I forget all the ingredients, but red phosphorous, lye and other strong acids are part of the recipe. The link I posted above has some info on that.

That’s exactly what a meth junkie would say. Exactly. :dubious:

Thanks.

Forgive my naivette, but is meth then just some form of really concentrated bronchdilator? Is it a stimulant? Does it come in pill form, or is it smoked, or what?

Or should I just google and leave y’all alone?

I swear the college I went to paid the tuitions of scads of MIT students, but one thing I never encountered was meth.

I had this problem last winter. I felt awful. I didn’t want to leave the house any more than necessary. I went to Rite-Aid to get medicine – a box of Sudafed, two bottles of store-brand ‘DayQuil’, and a bottle of store-brand ‘NyQuil’. Nope. Pick three out of four. Jeez, you can tell by looking at me that A) I’m not a meth addict, and B) I’m sick. Sorry, you can only buy three. :mad:

I went home, did something or other, then went back and got the other bottle of medicine.

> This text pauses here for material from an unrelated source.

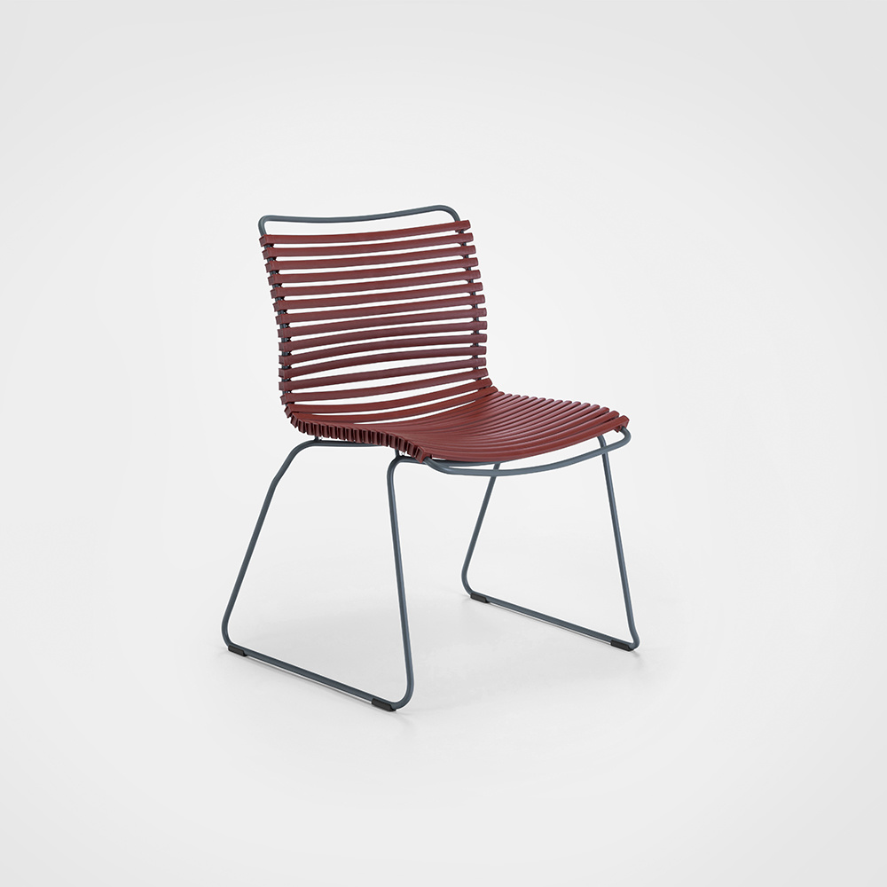 CLICK Dining chair - no armrests. CLICK chair is simple, honest and ergonomically well thought out. It is beautiful in its repetition around the table and because the lamellas can be replaced, you can mix and change the colours as often as you like. CLICK dining chair comes in 3 variants - with or without armrests. CLICK dining chairs are stackable.

Bugger thing to do to sick people. I just might ‘stock up’ for next time.

But he’d probably be a lot less congested than I am when saying it.

FTR, stores here in NYC, where it’s spreading among club kids and young gay men (the same morons who are having unprotected sex) have a very mixed record on it. In poorer neighborhoods you can’t get it from the shelves but have to go to the pharmacist and sign out for it, although you don’t need a prescription (good for those of us with no insurance and no doctor to begin with). I see it on the shelves in Manhattan and Westchester, though; I’ll check next time I’m in gay neighborhoods in Manhattan, though. I don’t think we have a lot of meth labs here, since, like guns, we can import meth cheaply from the boondocks.

I use the non-drowsy Sudafed to cope with my brother’s doggies, one of whom is a shaggy beagle-like creature that sheds like a sweater, and during the hot muggy afternoons in May and June when the tree pollen is making me sound like Darth Vader.